Tuesday, April 23, 2013

As with the definition of "weapons of mass destruction," the definition of terrorism has been challenged in the Boston bombing case and other recent cases.

The White House has described Dzhokar Tsarnaev as a terrorist and yet he has no known official affiliation with a terrorist organization. It is unclear if there was any coherent ideological motive the Tsarnaev brothers were apparently working alone. Does the word "terrorist" help us to understand what happened in Boston, or does the term simply serve the federal prosecutors?

Another young, American man, in a different set of circumstances, faces the same charge in federal court. Abdella Ahmad Tounisi. an 18-year-old man from Illinois, was arrested last week as he attempted to board a plane to the Middle East. Federal officials say he was on his way to provide material support to a foreign terrorist organization, yet the United States claims to support the Syrian opposition in the bloody war against Syrian dictator Bashar al-Assad.

Then there is the case of Eric Harroun, a 30-year-old white, Christian man from Phoenix, Arizona, recently returned from fighting the rebel forces in Syria. The federal government believes Harroun conspired to use a weapon of mass destruction while fighting against Bashar al-Assad, and he too is being charged with fighting alongside a designated terrorist group.

Spencer Ackerman is a writer for Wired magazine’s national security blog Danger Room. He argues against using the term "weapon of mass destruction" as the charges against Harroun and Tsarnaev move forward.

Matthew VanDyke is an American documentary filmmaker and foreign fighter on the side of the uprising in the Libyan civil war. He was a prisoner of war in Tripoli for 6 months.
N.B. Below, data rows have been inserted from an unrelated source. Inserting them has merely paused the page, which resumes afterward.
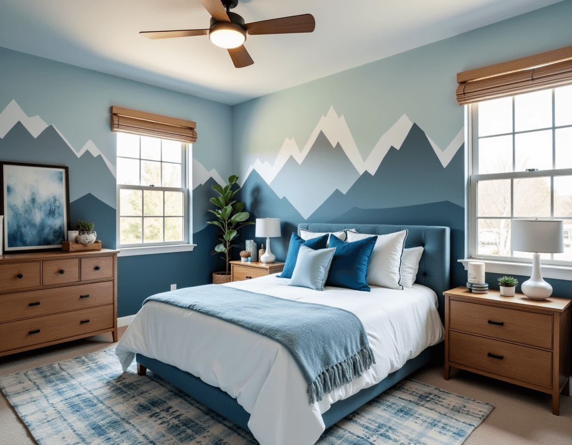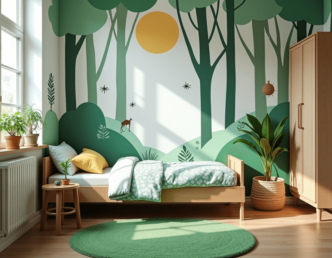 The key to successfully styling a mural wall is to keep the main furniture relatively neutral, so the wall stays the major focal point. Reflect the main colors in bedding and wall art using similar tones. A simple upholstered bed in a matching color and wood nightstands and dressers are flexible options that will work for this mural and whatever comes after. Easy-to-swap layers like bedding, pillows, and throw blankets will also keep up with his evolving taste.
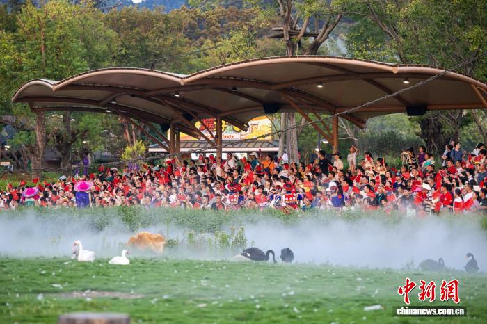清远长隆度假区总经理刘宏娟介绍,今年国庆节假期,园区推出了“五大神兽贺国庆迎金秋”主题活动,从白天的动物大迁徙表演、蒸汽小火车,到夜晚的温泉疗愈和主题故事会,每天多场各具特色的演艺和体验项目,确保游客从早到晚都感受到不间断的惊喜与欢乐。
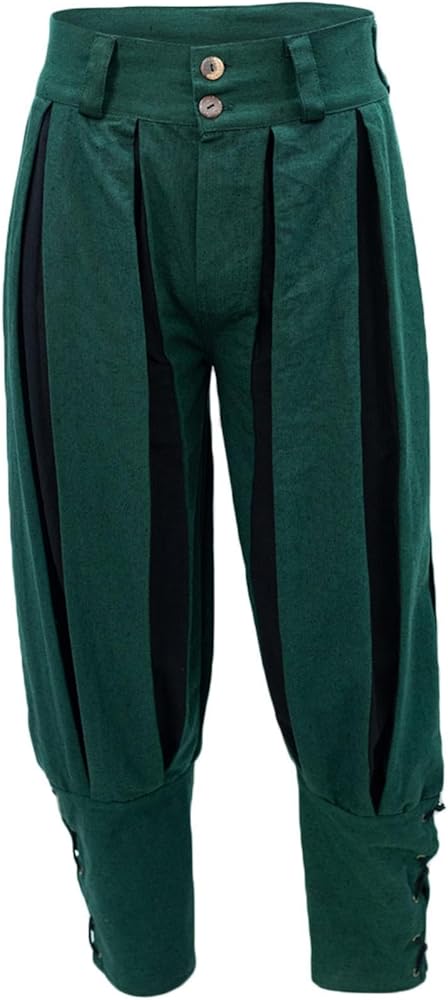 These Black Red Striped Landsknecht Pants pair the stylistic flair of the Landsknecht era with accessible simplicity and comfort. These pants feature a striking design with green and black to provide a layered look, inspired by historical depictions and samples from the Landsknecht era. Whether you're donning a doublet or a traditional jerkin, these pants effortlessly allow you to complete a Landsknecht-themed clothing set.
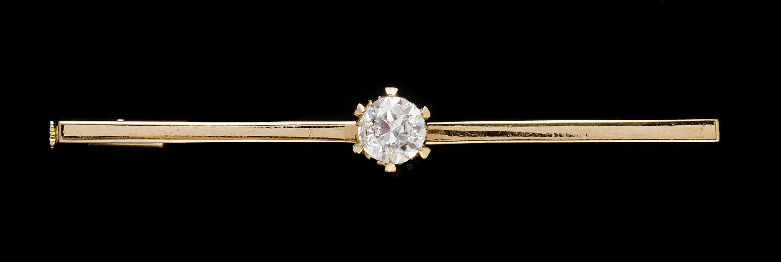 66. Broche barrette sertie d'un diamant taille ancienne (env. 1,2 ct)
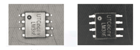 一颗芯片在明场与暗场下的成像,左明右暗
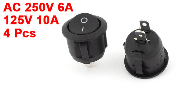 Balck SPST ON-OFF 2 Position 2pin Round Rocker Switch 4Pcs
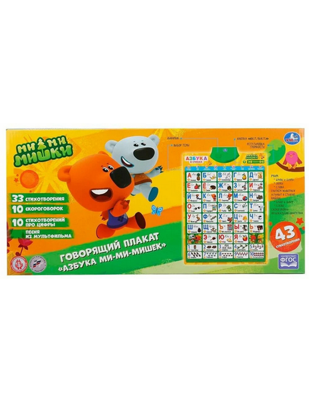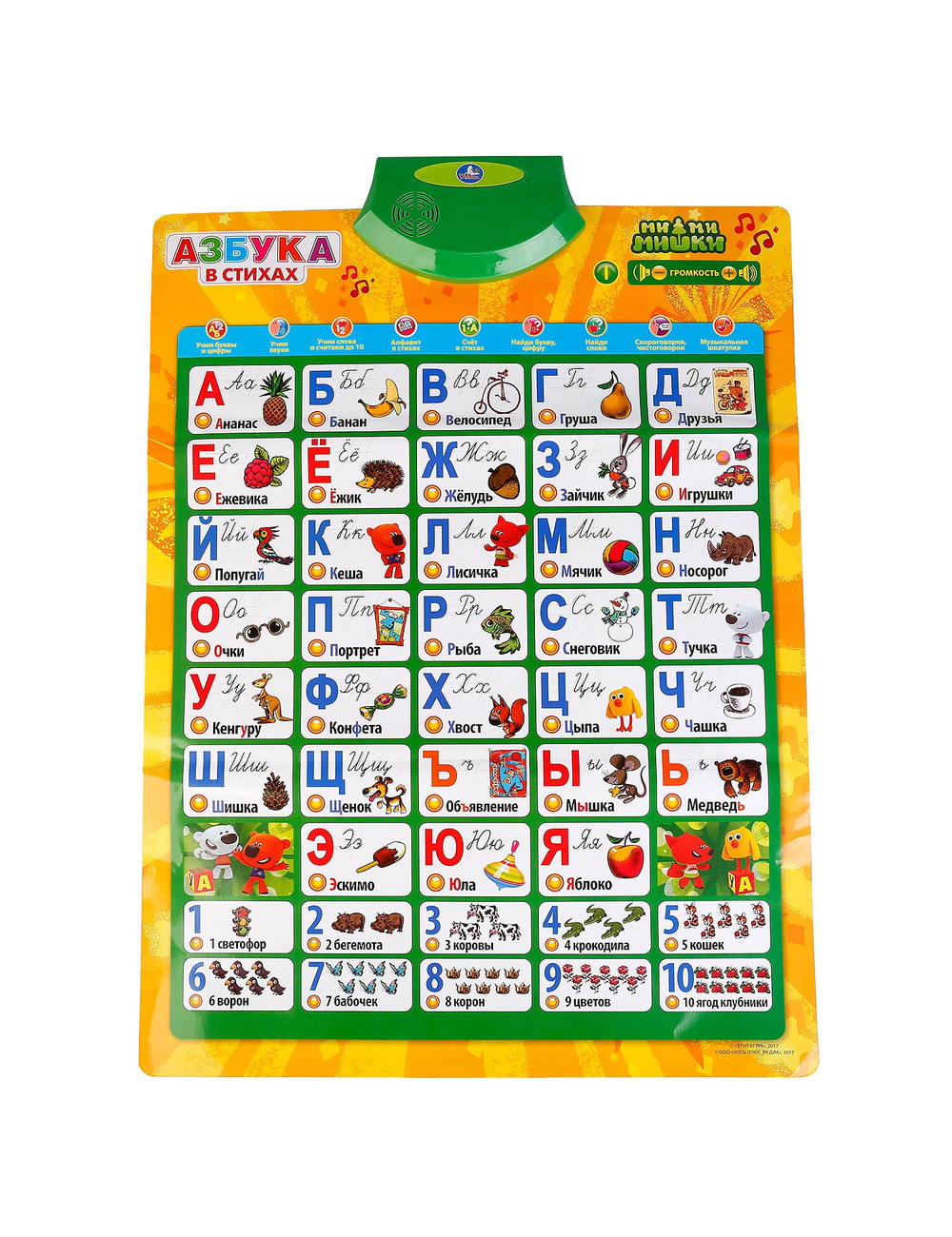 Особенности:- Данный обучающий плакат рассчитан на детей старше трех лет.- Он имеет прямоугольную форму и динамик, расположенный в верхней части. Кроме того, здесь также находятся копки управления, которые отвечают за включение и регулировку громкости.- Данный плакат познакомит ребенка с азбукой, простым счетом, а также сделает его досуг более веселым и интересным, благодаря многочисленным развлекательным функциям.- Всего плакат включает в себя: 33 стихотворения, 10 скороговорок, 10 стихотворений про цифры и песню из мультфильма.- В процессе изучения азбуки ребенок сначала познакомится с буквами, в чем ему помогут красочные картинки, изображающие разнообразных животных, предметы и еду, названия которых начинаются с них. А затем ему предлагается прочитать эти названия, представленные в виде подписей к предложенным изображениям. Гласные и согласные выделены на плакате разыми цветами, чтобы не путать малыша.- Также ребенок сможет познакомится с цифрами от 1 до 10, рядом с каждой из них располагаются рисунки с количеством предметов, соответствующих им.- Игрушка изготовлена из качественных материалов, соответствующих современным стандартам качества.- В процессе игры ребенок сможет развить мелкую моторику рук, улучшить свое слуховое восприятие, память, выучить алфавит, цифры, а также хорошенько повеселиться.Характеристики:Возраст: от 3 лет.Комплектация: обучающий плакат.Питание: на батарейках.Размер: 3 x 44 x 22 смВес: 296 г.Материал: пластик, металл.Бренд: Умка.Страна обладатель бренда: Россия.
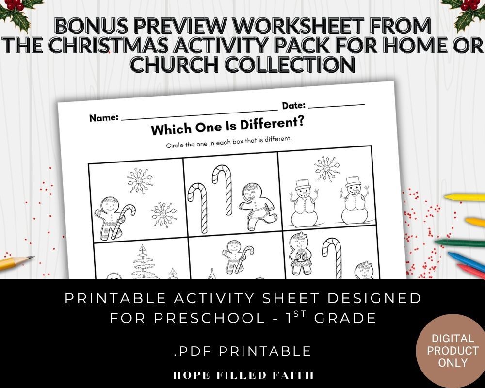 FREE Bible Printable Worksheet, Christmas theme: Which One is Different - Children's Church, Sunday School, Homeschool Worksheet
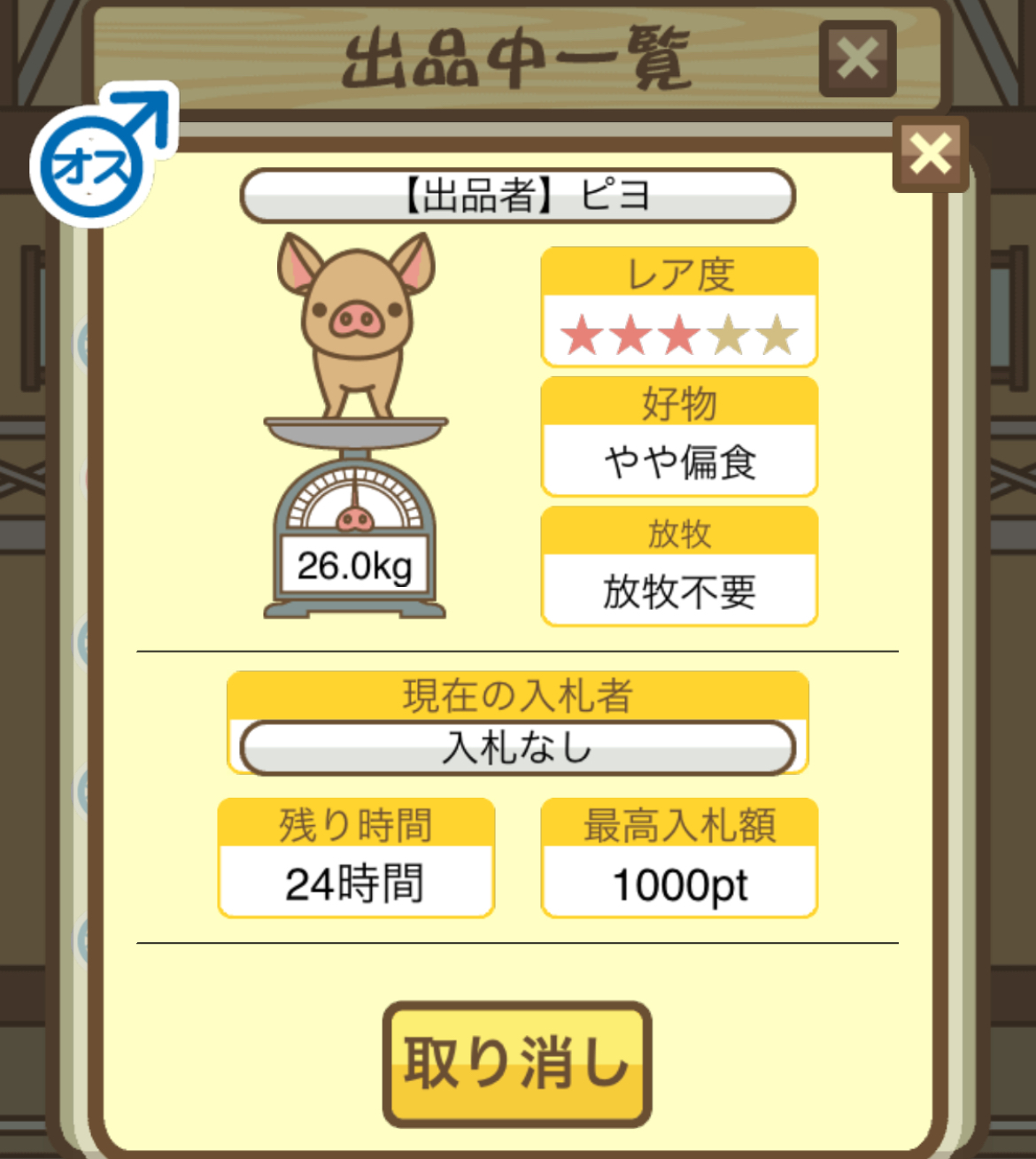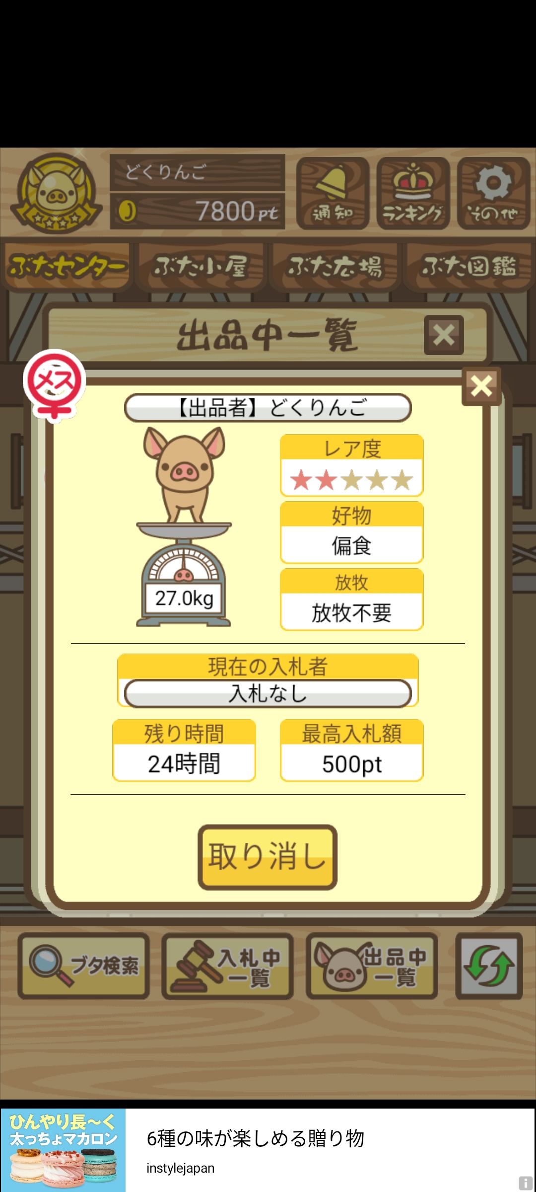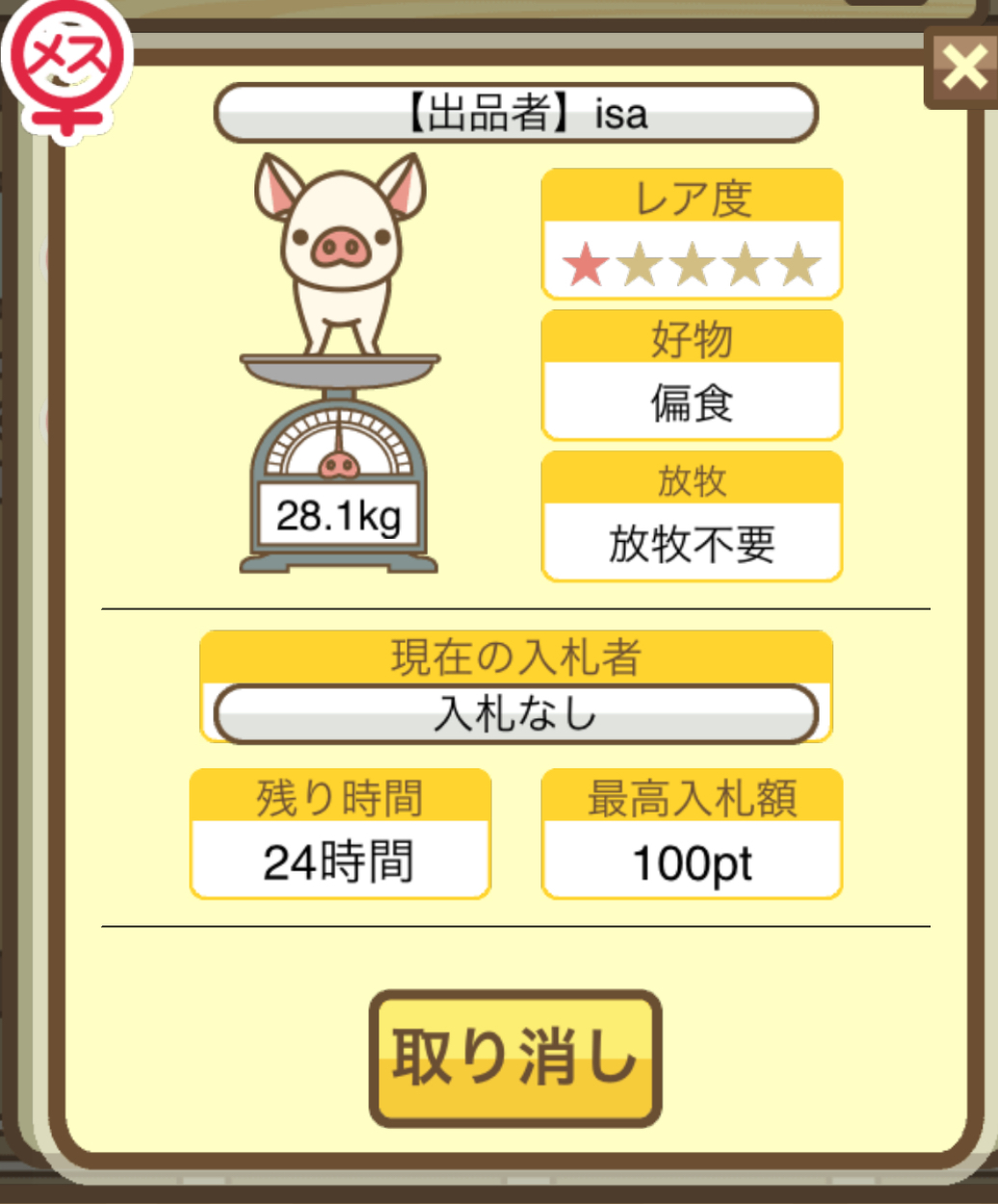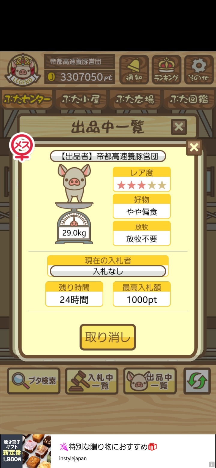 オークションに適当なぶたを2頭くらい出品したあと、詳細画面のスクショを投稿してください。
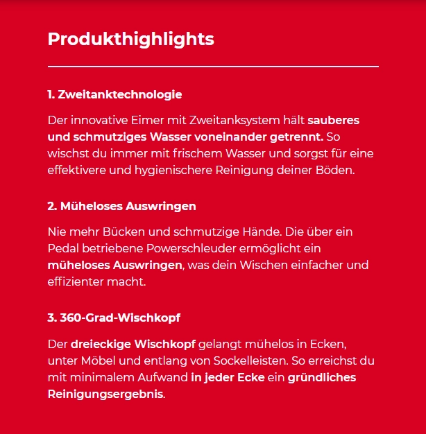 Das Vileda H2PrO Set hat einen innovativen Zweitank-Eimer, der dafür sorgt, dass sauberes und schmutziges Wasser voneinander getrennt bleiben – für eine effektivere Reinigung. Mit dem Auswringmechanismus, der durch das Fußpedal aktiviert wird, kannst du den Feuchtigkeitsgrad des Mopps leicht steuern.
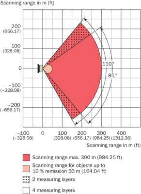 Aperture angle | 85°, Working range with 4 measuring planes, 25° extension of working range with 2 measuring planes to a total of 110° |
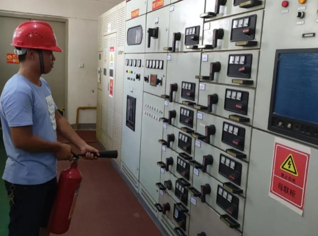 配电房着火演练主要模拟1号配电房低压配电室1#变压器开关柜着火后,员工使用二氧化碳灭火器迅速灭火的一系列操作。庄俊兵副厂长着重讲解了开关柜着火后的应急处置注意事项。

He says that while his case may resemble Eric Harroun's, his work in Libya was very different from Harroun's involvement in Syria.


Spencer Ackerman and Matthew VanDyke

Produced by:

Jillian Weinberger

Comments [5]

Darren Lovelace from Monmouth OR USA

Terrorism is an act of criminal insanity targeting enough people indiscriminately to create a threat to what we value most. Our children! The terrorist greatest fear is “Truth” and the resolve of people, the resolve of nations and the courage of leaders to unify freely and in peace as one to defeat terrorists base of support.

Apr. 24 2013 01:08 AM
Charles from Seattle

The uncle said it. They are loserists.

Terrorist is as terrorist does. We were annoyed, inconvenienced, saddened, and angered, but not terrorized.
We love Boston--met my wife while working for a Boston company--will return soon to spend, support recovery, enjoy the culture and history our First City.
Viva Boston!

Of the loserists --forget them, remember Bostonian solidarity forever.

Apr. 23 2013 10:39 PM
Jeff from Mazar-e Sharif

The bureau seems more interested in the activities of four star generals than the extremists these days.

Apr. 23 2013 03:26 PM
Larry Fisher from Brooklyn, N.Y.

I wonder if any terrorist would call themselves "terrorist?..." I doubt it. As long as an accused terrorist will go to court, his lawyer will not call him a "terrorist," so the term will continue to evolve.

Apr. 23 2013 12:21 PM
Ed from Larchmont

What would you call it? It aims at large scale death and destruction.